P09 — Moderated usability session, post-redesign · Task: "Find a midi dress in size 12 suitable for a summer wedding"
07 Accessibility Audit Findings WCAG 2.1 AA · Cognitive & motor usability · ARIA
WCAG 2.1 AA · ARIA Issues
34 pages audited · 58 issues found · 54 remediated
Shopping cart flyout lacked an accessible name — screen readers announced "dialog" with no context, disorienting VoiceOver users mid-session.
Interactive size and colour filter tags had no ARIA roles — keyboard users could not activate or deselect active filters without a mouse.
22 product images on category pages had missing or non-descriptive alt text (e.g. alt="look_0391.jpg"), failing WCAG 1.1.1.
Colour contrast ratio of 3.2:1 on "Sold Out" badge failed minimum 4.5:1 requirement for normal text.

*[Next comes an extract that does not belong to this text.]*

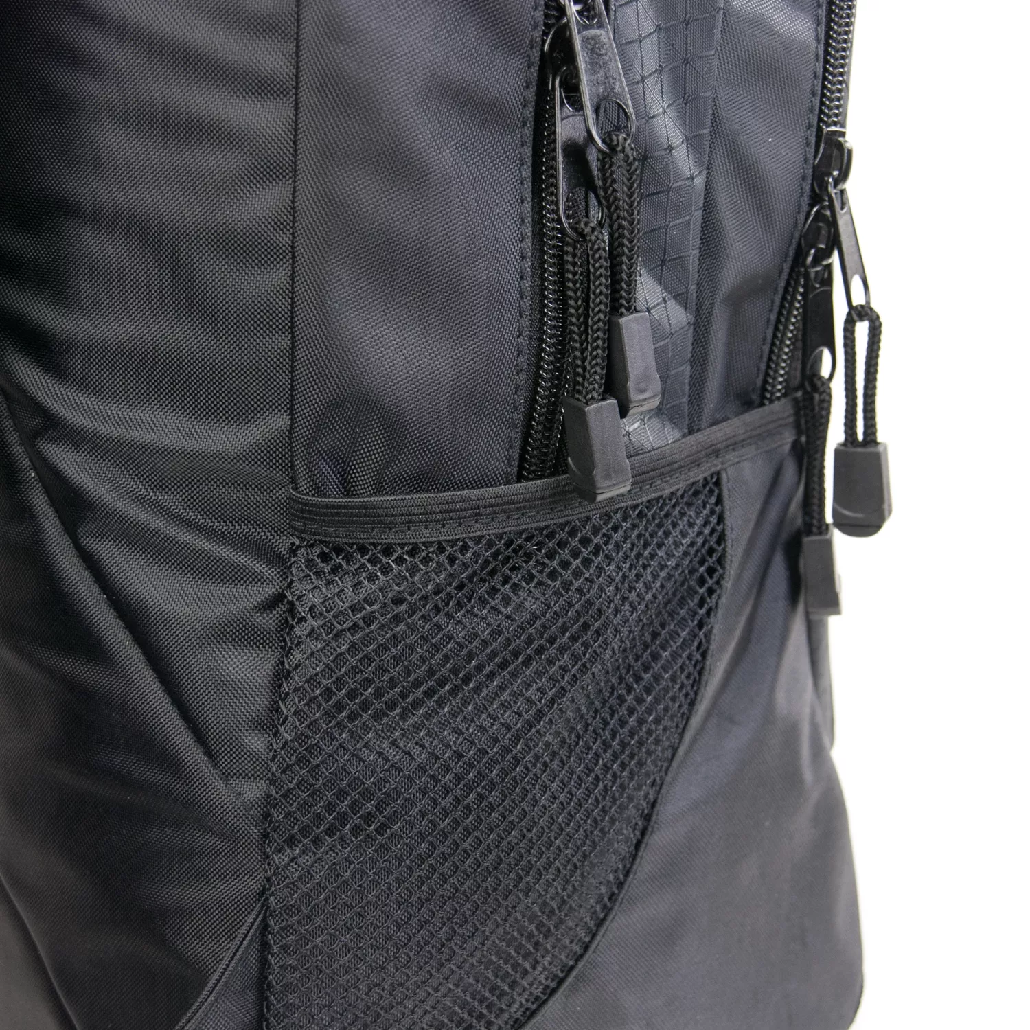 The backpack have a nice 420D polyester and ripstop material mix for a nice approach. The bottom is made in strong, heavy 1680D polyester and the shoulder straps and the back is nicely padded so that it is comfortable to wear. It is also equipped with a carrying handle, open pockets on the sides with elastic bands at the opening and a large front zipper pocket with small pockets inside.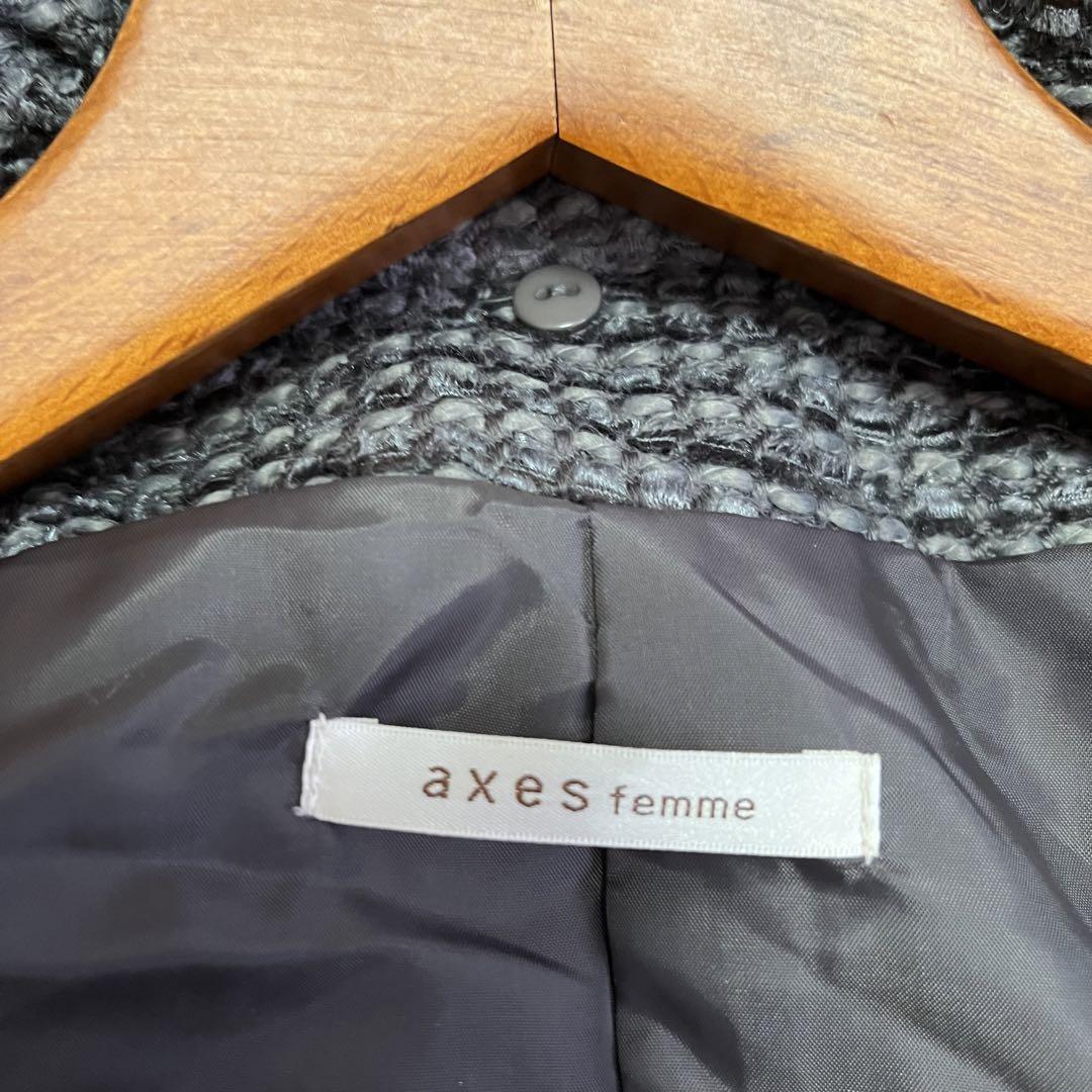 ■アイテム: 美品3way【アクシーズファム】襟.袖.脱着可能ツイードコート*Mサイズ*グレー

Skip navigation link present but visually hidden — not visible on keyboard focus, reducing utility for sighted keyboard users.
Cognitive & Motor Usability
Switch control · Colour blindness · Cognitive load
Switch control users could not reach the promo code field at checkout — focus order skipped the input entirely, requiring 16+ switch activations to reach via workaround.
Under cognitive load testing, the checkout error for an invalid card number provided no specific correction instruction — users re-entered the same incorrect data twice on average.
Protanopia simulation revealed that green "In Stock" and red "Low Stock" colour swatches were indistinguishable. Colour-blind users relied solely on text, which was truncated on mobile.
Deuteranopia testing of outfit colour-coding (e.g. availability tiers shown as green/amber/red dot indicators) showed all three states appearing as near-identical brown tones.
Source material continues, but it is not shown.